[[ Available data open ]]
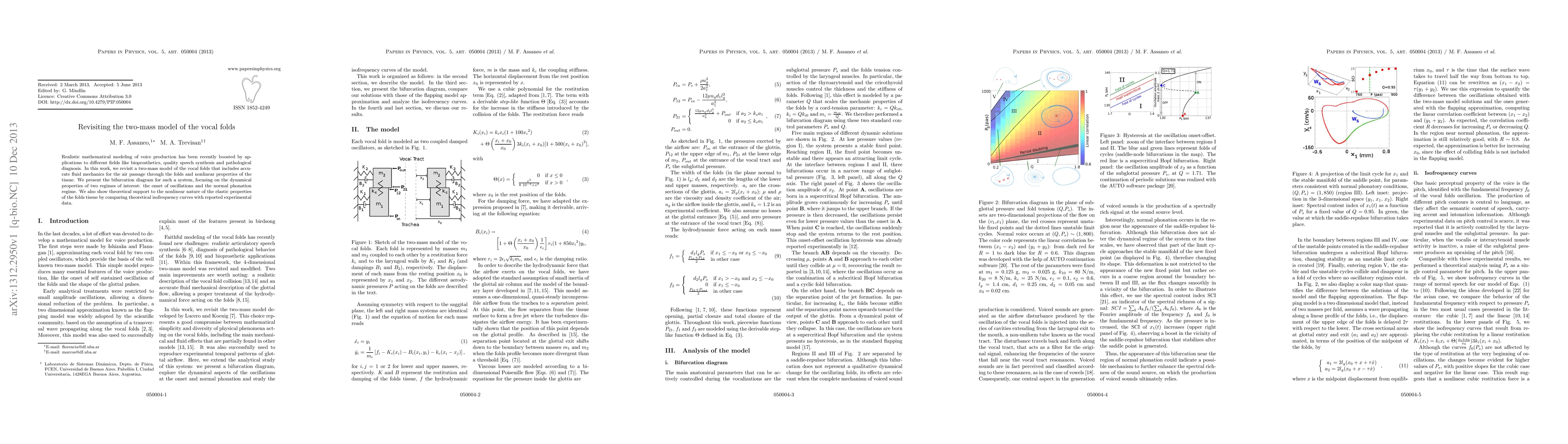 This paper revisits a two-mass model of vocal fold dynamics, incorporating precise fluid mechanics and nonlinear tissue properties. It explores the bifurcation diagram to analyze the onset of oscillations and normal phonation, and validates the model's nonlinear elastic properties by comparing theoretical isofrequency curves with experimental data.
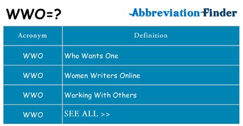 What Does Wwo Mean. To excite to enthusiastic admiration or approval. Your abbreviation search returned 8 meanings link/page citation category filters all definitions (8) information.
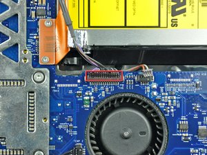 Disconnect the optical drive fan from the logic board.
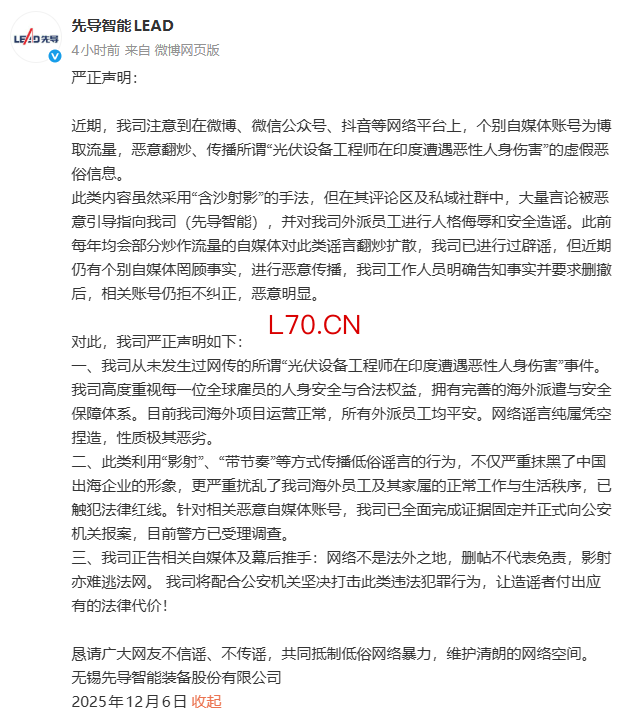 先导智能:公司从未发生过网传“光伏设备工程师在印度遭遇恶性人身伤害”事件
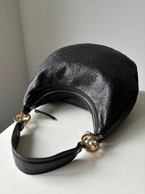 Gucci monogram twins hobo in zeer goede staat. Kan over de schouder worden gedragen. De afmetingen zijn ongeveer 33 x 25 cm exclusief strap. Komt inclusief Veggel Vintage certificaat van authenticiteit en Gucci dustbag.
[[ Available data closed ]]
_Exercise requirements_: What's needed is an exact copy of every entry, minus the pictures.

_Solution for this exercise_:
 This paper revisits a two-mass model of vocal fold dynamics, incorporating precise fluid mechanics and nonlinear tissue properties. It explores the bifurcation diagram to analyze the onset of oscillations and normal phonation, and validates the model's nonlinear elastic properties by comparing theoretical isofrequency curves with experimental data.
 What Does Wwo Mean. To excite to enthusiastic admiration or approval. Your abbreviation search returned 8 meanings link/page citation category filters all definitions (8) information.
 Disconnect the optical drive fan from the logic board.
 先导智能:公司从未发生过网传“光伏设备工程师在印度遭遇恶性人身伤害”事件
 Gucci monogram twins hobo in zeer goede staat. Kan over de schouder worden gedragen. De afmetingen zijn ongeveer 33 x 25 cm exclusief strap. Komt inclusief Veggel Vintage certificaat van authenticiteit en Gucci dustbag.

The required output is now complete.